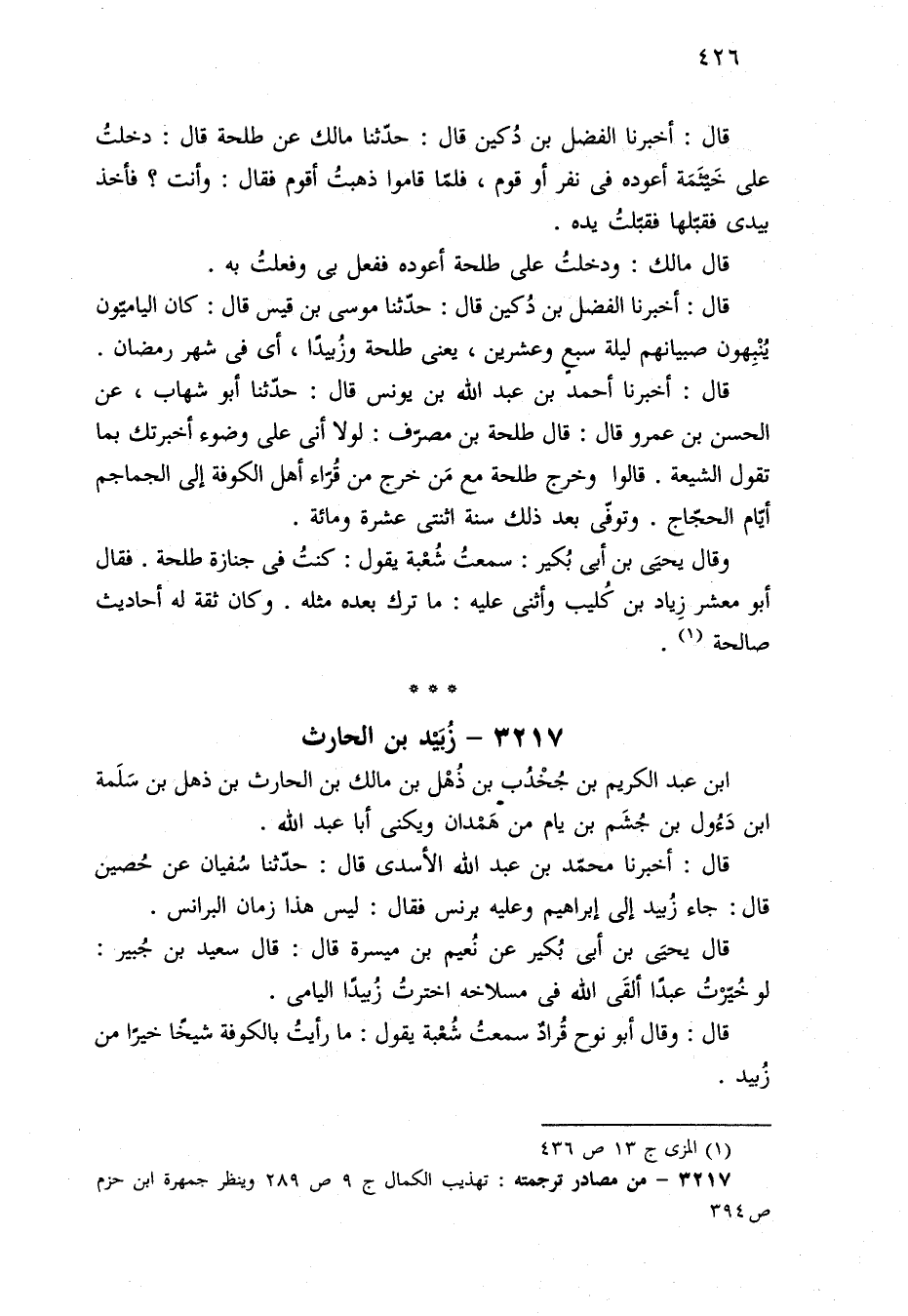 ٣٢١٧ - من مصادر ترجمته: تهذيب الكمال ج ٩ ص ٢٨٩ وينظر جمهرة ابن حزم ص ٣٩٤.
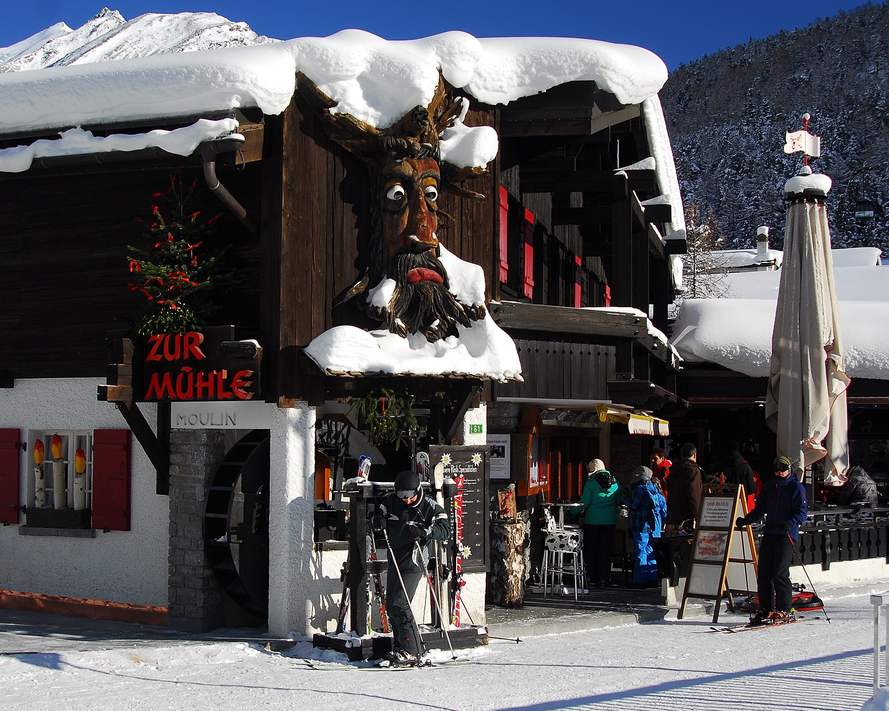 "Z'Gröttli" is always worth a stop! Here you will find fine Valais specialities, seasonal delights, homemade desserts such as apple strudel, fruit cake, famous cream cut and other delicious dishes. Of course, don't forget the various house coffees with cream topping! There is a monster coffee for the very thirsty: house coffee in a litre coffee glass!
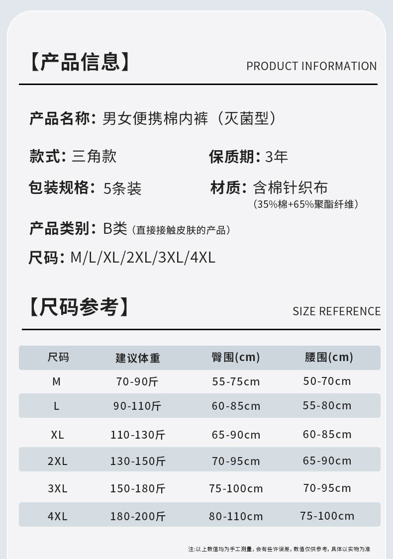 蓓安适一次性内裤棉男女士免洗旅游桑拿酒店出差独立包装棉柔内裤
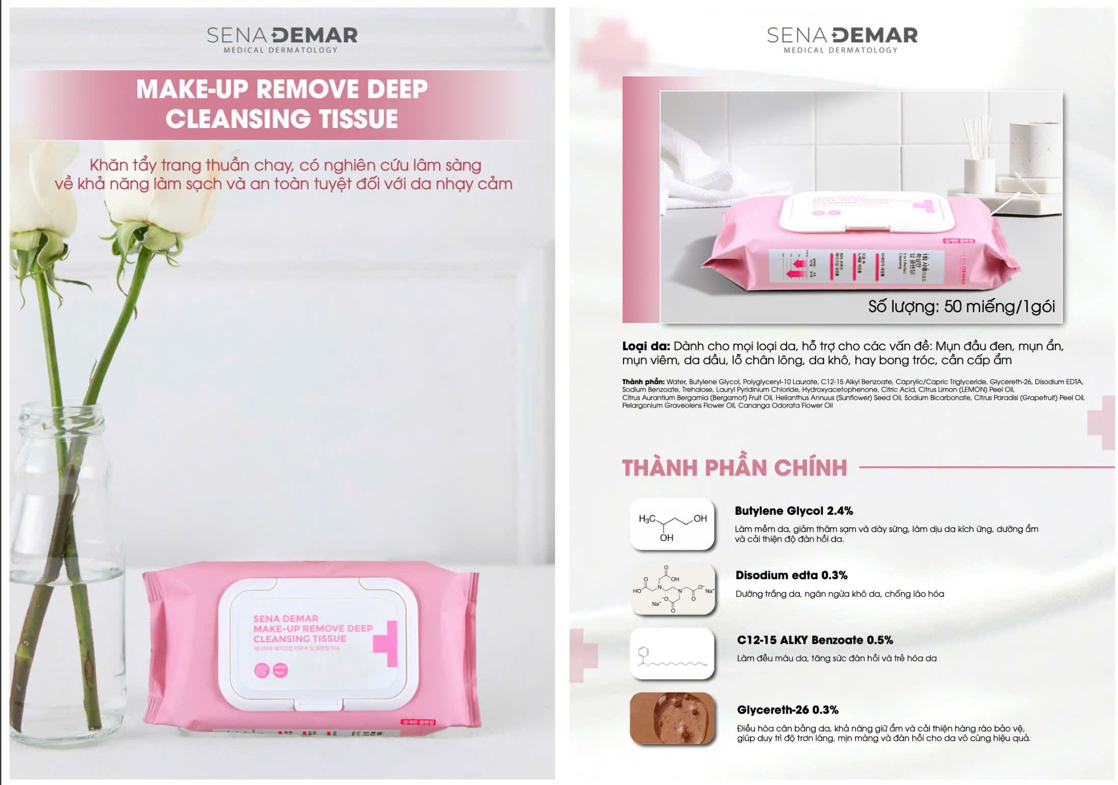 Khăn Tẩy Trang Thuần Chay 3 In 1 SenaDemar Hàn Quốc gói 45 miếng

· · · · · · ·

Task directions: Only the pictures are to be left out; repeat all other material exactly.

Output for this task:
 ٣٢١٧ - من مصادر ترجمته: تهذيب الكمال ج ٩ ص ٢٨٩ وينظر جمهرة ابن حزم ص ٣٩٤.
 "Z'Gröttli" is always worth a stop! Here you will find fine Valais specialities, seasonal delights, homemade desserts such as apple strudel, fruit cake, famous cream cut and other delicious dishes. Of course, don't forget the various house coffees with cream topping! There is a monster coffee for the very thirsty: house coffee in a litre coffee glass!
 蓓安适一次性内裤棉男女士免洗旅游桑拿酒店出差独立包装棉柔内裤
 Khăn Tẩy Trang Thuần Chay 3 In 1 SenaDemar Hàn Quốc gói 45 miếng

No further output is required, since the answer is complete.